● **Your objective**
Make an exact transcript of the lines in the data below, starting with the one containing "Wir bieten Ihnen" and going on through the one containing "STICKLINE(庄筹估算<散筹估算 AND 散筹估算<60,散筹估算,55,1,0),COLORGREEN;", with both included and the pictures left out.

(Collection entries)
☆ ☆ ☆ ☆ ☆

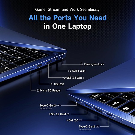 • Ports:2x USB-A 3.2,1 x USB-A 2.0,2x USB-C (Multifunction),1x HDMI2.1 TMDS,1x Headphone / microphone combo jack (3.5mm),1xMicroSD card reader,1 x Kensington lock
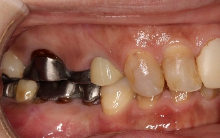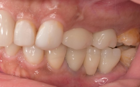 拝見したところ、もともと左上の歯と左下前歯が欠損しているうえ、奥歯の欠損も進んでいたため、噛み合わせが低くなっていました。
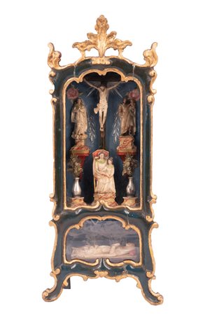 Legno laccato verde e dorato cm 55x23x10 Dipinta sui fianchi e all'interno 5 sculture in alabastro e marmo policromo, raffiguranti Cristo, Madonna, S. Giuseppe e Bambino, S. Anna e Madonna e morte della Madonna -
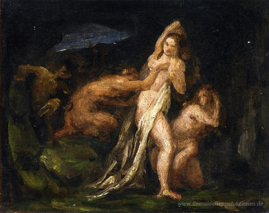 Wir bieten Ihnen eine handgefertigte Reproduktion auf Leinwand des berühmten Kunstwerks 'Satyres und Nymphen' von Paul Cezanne, aus dem Reproduktionsmuseum.
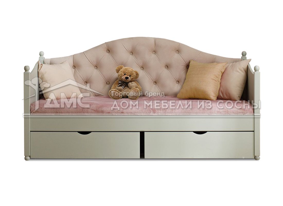 В качестве декора и функционального элемента модели выступает каретная стяжка. Она придаёт кровати элегантный вид и делает её более привлекательной для детей.
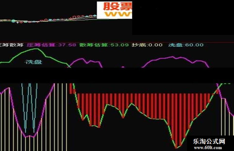 STICKLINE(庄筹估算<散筹估算 AND 散筹估算<60,散筹估算,55,1,0),COLORGREEN;
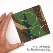 迷彩柄と雲の組み合わせが全て違う、1点ものとなっています。迷彩柄へどのように雲をプリントし、どのようにトリミングするか、そういった過程において作家自身で判断し、ハンドプリントで制作しています。
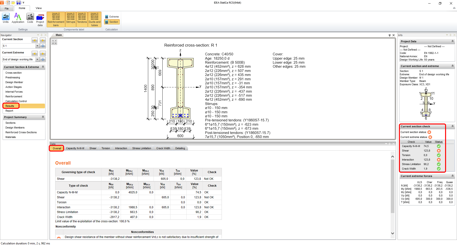 To run the checks, just click on Results in the navigator. The first thing you see after calculations is a summary of all the checks. The fastest way to ensure everything is OK is to look at the right side of the screen. In this example you see, that shear and subsequently interaction checks are not passing. This is the result of the default conservative value of the compressive strut angle.
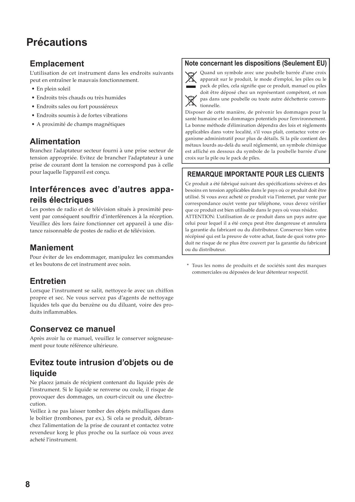 - A proximité de champs magnétiques Alimentation Branchez l’adaptateur secteur fourni à une prise secteur de tension appropriée. Evitez de brancher l’adaptateur à une prise de courant dont la tension ne correspond pas à celle pour laquelle l’appareil est conçu. Interférences avec d’autres appareils électriques Les postes de radio et de télévision situés à proximité peuvent par conséquent souffrir d’interférences à la réception. Veuillez dès lors faire fonctionner cet appareil à une distance raisonnable de postes de radio et de télévision. Maniement Pour éviter de les endommager, manipulez les commandes et les boutons de cet instrument avec soin. Entretien Lorsque l’instrument se salit, nettoyez-le avec un chiffon propre et sec. Ne vous servez pas d’agents de nettoyage liquides tels que du benzène ou du diluant, voire des produits inflammables. Conservez ce manuel Après avoir lu ce manuel, veuillez le conserver soigneusement pour toute référence ultérieure. Evitez toute intrusion d’objets ou de liquide Ne placez jamais de récipient contenant du liquide près de l’instrument. Si le liquide se renverse ou coule, il risque de provoquer des dommages, un court-circuit ou une électrocution. Veillez à ne pas laisser tomber des objets métalliques dans le boîtier (trombones, par ex.). Si cela se produit, débranchez l’alimentation de la prise de courant et contactez votre revendeur korg le plus proche ou la surface où vous avez acheté l’instrument.
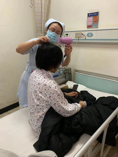 打水、洗头发、吹头发,一切井井有条。她们轻柔地揉搓着患者的头发。洗完后,摸着自己散发着清香的头发的患者露出了气管切开手术后的第一个舒心笑容。“谢谢,真的谢谢你们!”护士们拿着患者亲手写的纸条,与她相视一笑,温情在病房中脉脉流动。
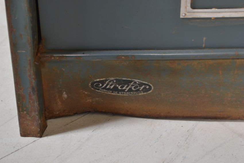 A pair of  large Industrial mid century 30 section fall front filing cabinet of metal construction having fall front individual sections with pull handles,3 rows of ten in upright formation
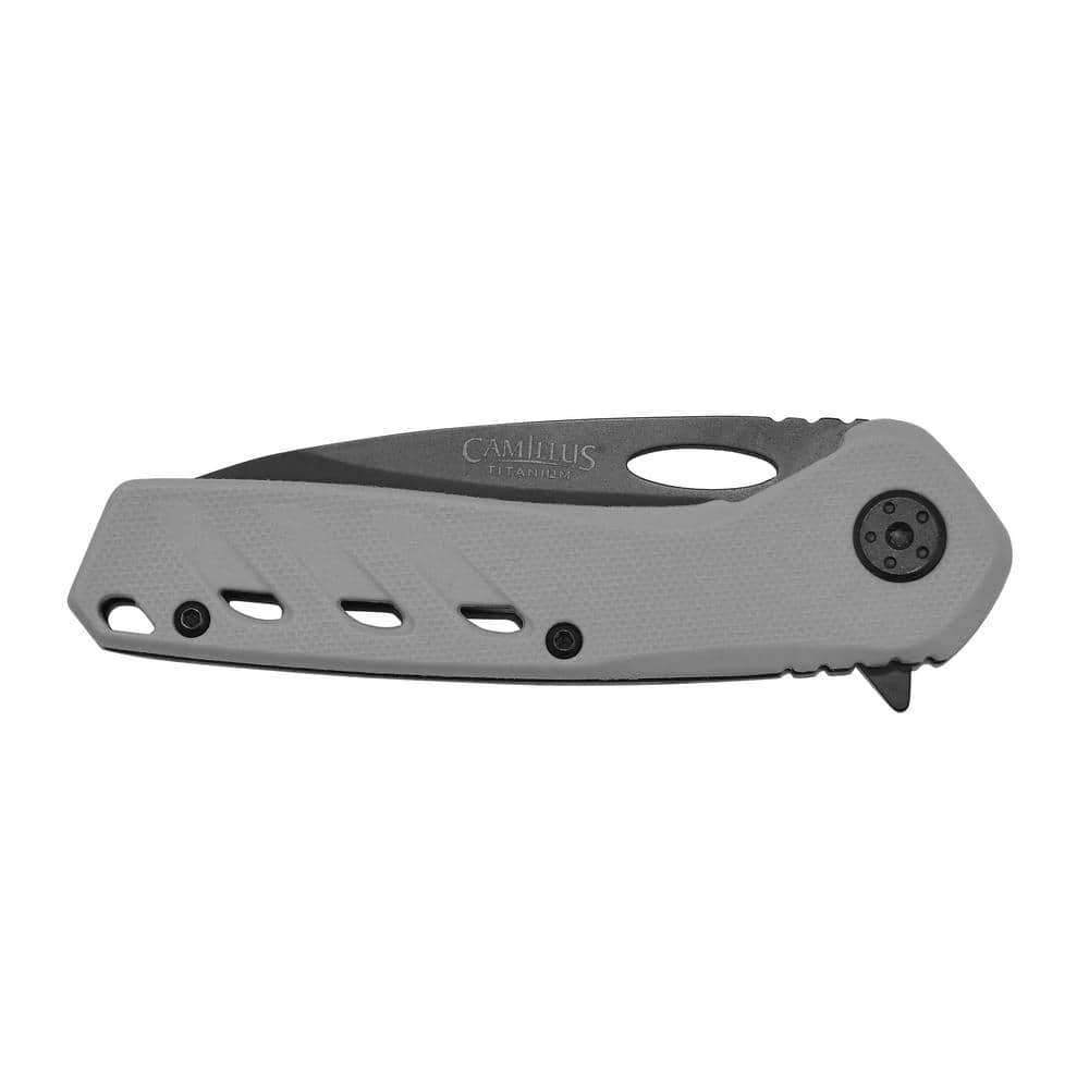 Camillus Slot Carbonitride Titanium Folding knife in gray features a 2.75 in. blade, with AUS-8 Stainless Steel and a glass-filled nylon handle. Carbonitride Titanium proprietary surface treatment offers enhanced edge retention, better protection from corrosion, chipping or flaking and is 10X stronger than untreated steel. The 4 in. glass-filled handle is very strong and rigid. Slot offers a Dual Stainless Steel Bearing System for smooth 1-hand deployment with the flipper or thumb hole. Inherent in every Camillus product is its more than 140-year commitment to craftsmanship and care, supported with a lifetime warranty.
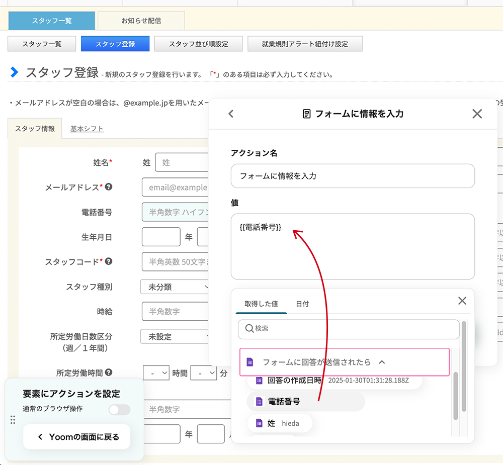 - アクションの操作画面が表示されます。値の欄をクリックすると、Google フォームから取得した項目が表示されるので、選択すると引用コードが埋め込まれます。
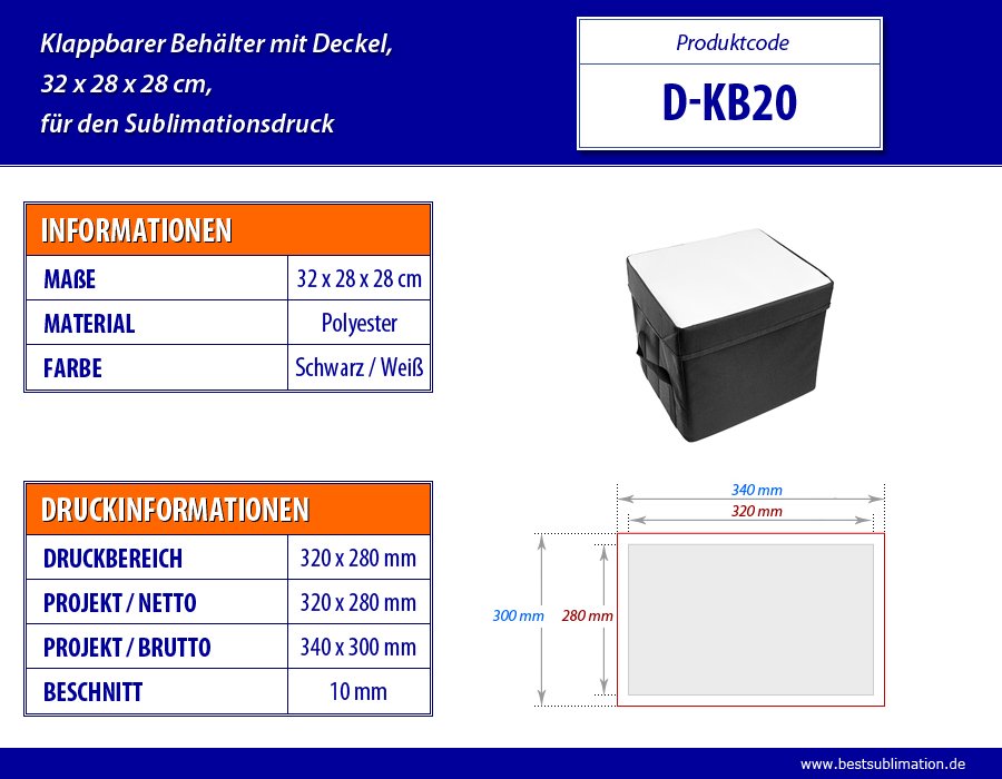 Klappbarer Behälter, bedruckbar mittels Sublimationsverfahren. Der Druck erfolgt auf den Behälterdeckel. Multifunktionaler Behälter für Schmuck, Spielzeug, Büroutensilien, etc. Im eingeklappten Zustand leicht zu verstauen. Aus strapazierfähigem Gewebe. Mit zwei handlichen Griffen für eine einfache Handhabung.
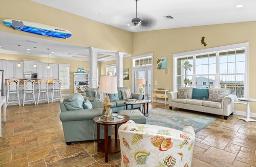 Off of the living room and kitchen is a convenient half bath, as well as the oversized, large master suite which has vaulted tray ceilings, Flatscreen TV & an ensuite full bath. The 2nd bedroom offers twin beds and a TV, nice bureau's, plenty of closet space and coastal decorating the 3rd bedroom has a king size be, TV and the full bath between each bedroom in the hallway. The utility room with front loading washer and dryer are located on the bottom floor along with the 2 and 3rd bedrooms and offers plenty of room to fold and sort laundry.Extra sleeping on a new pullout couch in living room SLEEPS 2 and extra cot beds and blowup beds AVAILABLE FOR children The private garage and driveway have plenty of room for 5 vehicles if needed. This house is beautiful inside and out with ocean and beach views. There is a propane grill 2 new beach cruiser bikes, beach chairs, towels, boogie boards and kids beach toys. The Beach access is steps away and takes care of that to enjoy the peaceful, serene ocean. If you would like to rent a golf cart we also offer that please just ask .Come on down relax, and enjoy a great beach vacation. We would love to have you. If you have a pet their is a pet fee and pet rules we also need to know the breed.
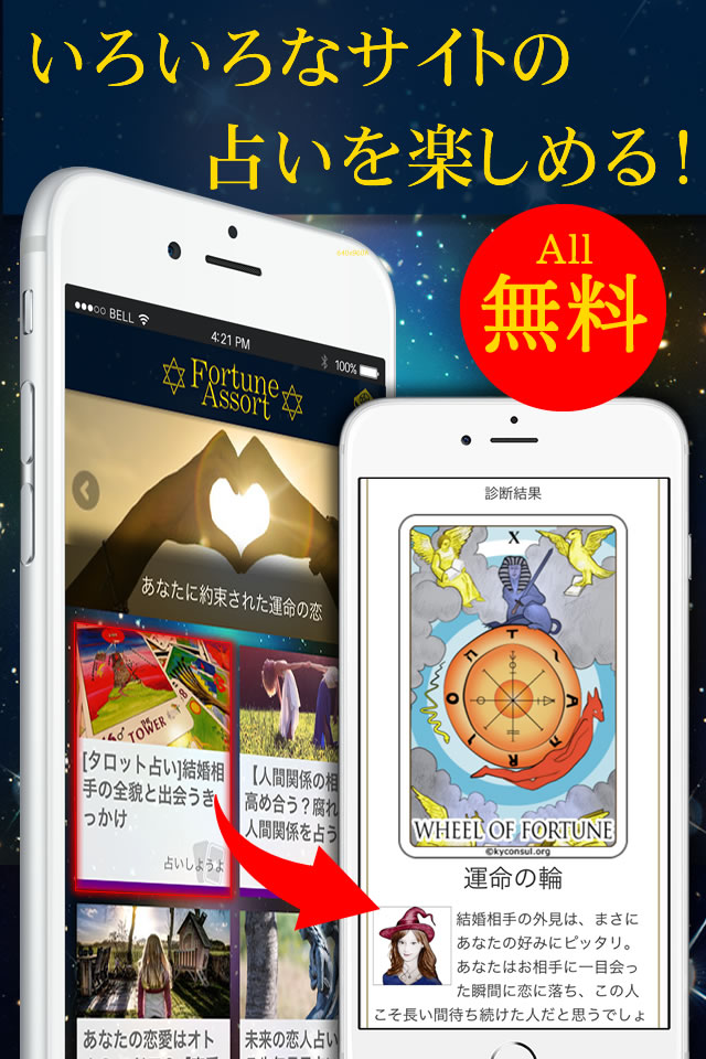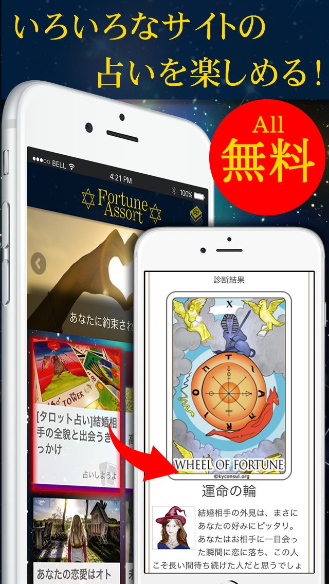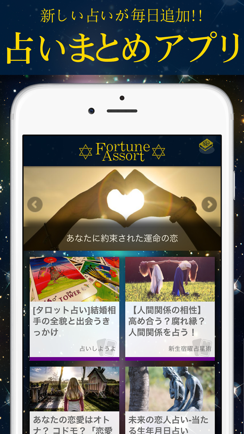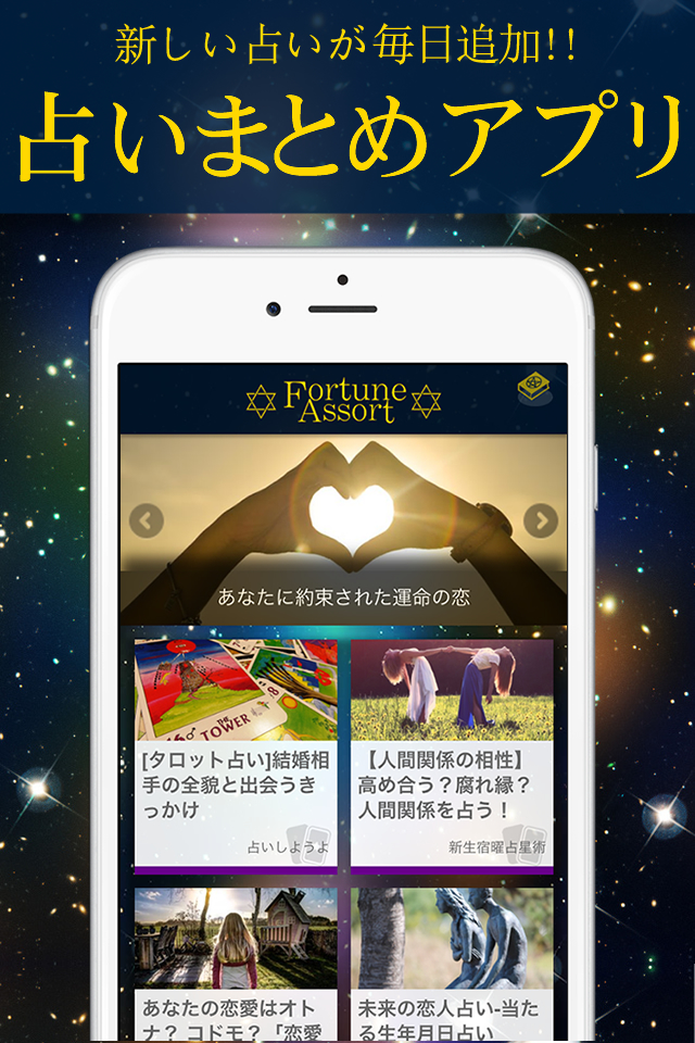 FortuneAssort(フォーチューンアソート)は、ネットで話題の占いを、無料でいち早くあなたにお届けする『占いまとめアプリ』です。

☆ ☆ ☆ ☆ ☆

● **Result of the task**
 Wir bieten Ihnen eine handgefertigte Reproduktion auf Leinwand des berühmten Kunstwerks 'Satyres und Nymphen' von Paul Cezanne, aus dem Reproduktionsmuseum.
 В качестве декора и функционального элемента модели выступает каретная стяжка. Она придаёт кровати элегантный вид и делает её более привлекательной для детей.
 STICKLINE(庄筹估算<散筹估算 AND 散筹估算<60,散筹估算,55,1,0),COLORGREEN;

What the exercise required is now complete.